Бухту оставляли на закате. Море лежало зеленоватое, золотистое. К отмелям мчались голодные чайки. Они резко и часто взмахивали крыльями: получался звук, похожий на дыхание бегущей что есть мочи собаки.
Ночь разлилась лунная и теплая. На шхуне поставили все паруса, она шла ходко, не уваливаясь с курса. Качало мерно, плавно; рында-булинь[2]2
Рында-булинь – короткий трос, привязанный к языку судового колокола.
[Закрыть] описывал ровные полукружья.
То была одна из тех ночей на море, когда неприметно погружаешься в тихую задумчивость, когда сам себе кажешься и добрее и чище, чем ты есть, а в душе роятся смутные сладостные видения.
На «Константине» затаились, примолкли, шхуна будто обезлюдела, и среди лунных бликов, среди теней от такелажа, всплесков за бортом и рубиновых огоньков цигарок хороводили видения, у каждого разные, у каждого свои…
Сухопутные призраки трусливы: они бегут при петушином крике. Призраки морские дисциплинированны: они исчезают, заслышав голос корабельного начальства. Так и теперь. Бутаков окликнул штурмана, штурман отозвался: «Подходим», – и шхуна ожила, все заговорили, задвигались.
Остров Барса-Кельмес означился темным плоским пятном, и тотчас, как красный петух, взлетел над кораблем фальшфейер.

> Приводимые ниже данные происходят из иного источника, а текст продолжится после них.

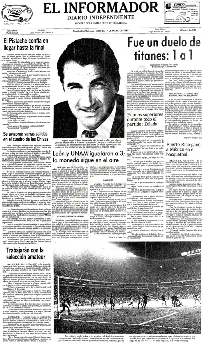 Este viernes se reanudan las acciones del futbol mexicano con la Jornada 4, y quizá el partido más importante sea el del próximo domingo 20 de agosto, cuando Atlas reciba al América en el Estadio Jalisco. A Guadalajara regresa Julián Quiñones, delantero que vivió las grandes glorias con Atlas apenas el año pasado, cuando el equipo se coronó bicampeón del balompié nacional, y, sin embargo, ahora intentará mostrar su espectacular manera de jugar, pero para la causa emplumada.Este reencuentro no es el único aspecto destacado del juego, pues los partidos entre Atlas y América han sido muy atractivos históricamente. Al menos así fue la serie de las semifinales de la temporada 1984-1985, cuando las Águilas dejaron fuera a los zorros en una emocionante tanda de penales."Nosotros no nos sentimos vencidos. Vamos a ir al Azteca a dar mucha guerra. Ojalá se confíe el América", dijo el técnico rojinegro Alfredo "Pistache" Torres, luego del empate obtenido en el Estadio Jalisco, y como atestigua EL INFORMADOR en la edición del 17 de mayo de 1985.Los equipos empataron 1-1 en la ida. El entrenador, sin embargo, mantenía la esperanza de que podían salir adelante ante unas Águilas que dominaban el campeonato."Para mí -aclaró el 'Pistache'-, el América es uno de los mejores equipos de México, muy bien plantado en la cancha. El Atlas sigue en la pelea a pesar de todo".La crónica de la ida relata: "Por el centro del campo, Masciarelli le ganó el balón a Luna y proyectó un lanzamiento en profundidad sobre Aceves, perfilado por la entretela izquerda. Entre Manzo y Tena cuidaron al capitán rojinegro; pero, ante la salida de Zelada sin aparente peligro, el balón rebotó en la cabeza de Tena hacia la boca del marco. Lo que aprovechó Aceves para disparar sobre el zaguán abierto, anotar el tanto y provocar el entusiasmo entre los fanáticos".Así llegaron a la vuelta, pero tras otros 90 minutos en los que terminaron iguales incluso en los tiempos extra, el finalista que se enfrentaría a Pumas se definió en los penales."El equipo de futbol América clasificó para la ronda final del Campeonato Mexicano de Primera División al vencer 9-8, en serie de penales, al Atlas en cotejo correspondiente a la ronda semifinal que se llevó a cabo en el Estadio Azteca", recoge EL INFORMADOR en su edición impresa del 20 de mayo."Diez tiros de pena máxima fueron ejecutados con maestría, lo que dejó los cartones empatados a cero goles, y 1-1 en el global. Vinieron después los tiros alternos y fue allí en donde el América amarró la victoria que lo enfrentará la próxima semana, en dos cotejos frente a Pumas de la Universidad Nacional Autónoma de México"."Alfredo Torres, técnico del Atlas, así como los integrantes del plantel, abrazaron a López Lomelí, dándole ánimos para que dejara de llorar, al ver que éste se sentía deshecho por haber echado su tiro sobre la cabaña enemiga".América se midió a Pumas, y en un tercer partido de desempate se impuso finalmente a su rival de la ciudad para coronarse campeón de la Liga por quinta vez en su historia.Atlas y América se enfrentarán este domingo 20 de agosto a las 19:10 horas tiempo del centro de México en el Estadio Jalisco.OF
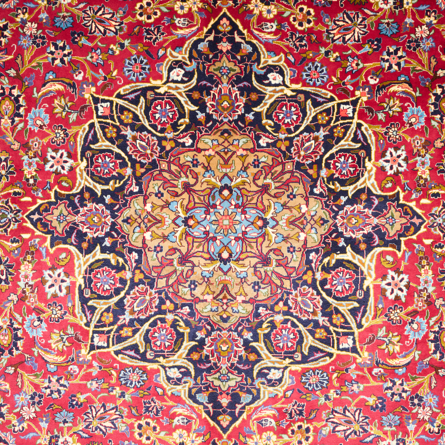 LAMB'S WOOL (KORK) PILE. HAND-KNOTTED CITY WEAVE FROM THE ISFAHAN PROVINCE WITH CLASSIC KASHAN BOOK COVER DESIGN OF A FLORAL MEDALLION OF PALMETTES & QUARTERED CORNER MEDALLIONS WITHIN A FIELD OF SHAH ABBASSI PALMETTES, BLOSSOMING FLORAL SPRAYS AND SAZ LEAVES. WIDE BORDER OF PALMETTES & SAZ LEAVES. THE ENTIRE IN HUES OF RUBY RED, INDIGO, AZURE-BLUE & CREAM.

– Якши, – одобрительно заметил Бутаков, не оборачиваясь, но зная, что зажигать фальшфейеры, бумажные гильзы, набитые горючим составом, должны унтер Абизиров и матрос Абдула Осокин.
9
Повстречаются в пустынной бухте два судна – праздник. С одного корабля на другой валят гости. Последний скаред табачком делится, самый мрачный боцман ухмыляется. Отчего? Что за причина? Не одна, сдается, несколько. На чужом судне все вроде бы по-иному, как-то занятнее. И очень любопытно разузнать новости, хотя, может, и никаких новостей нет. А главное – перебой в монотонном, что ни говори, течении корабельного времени.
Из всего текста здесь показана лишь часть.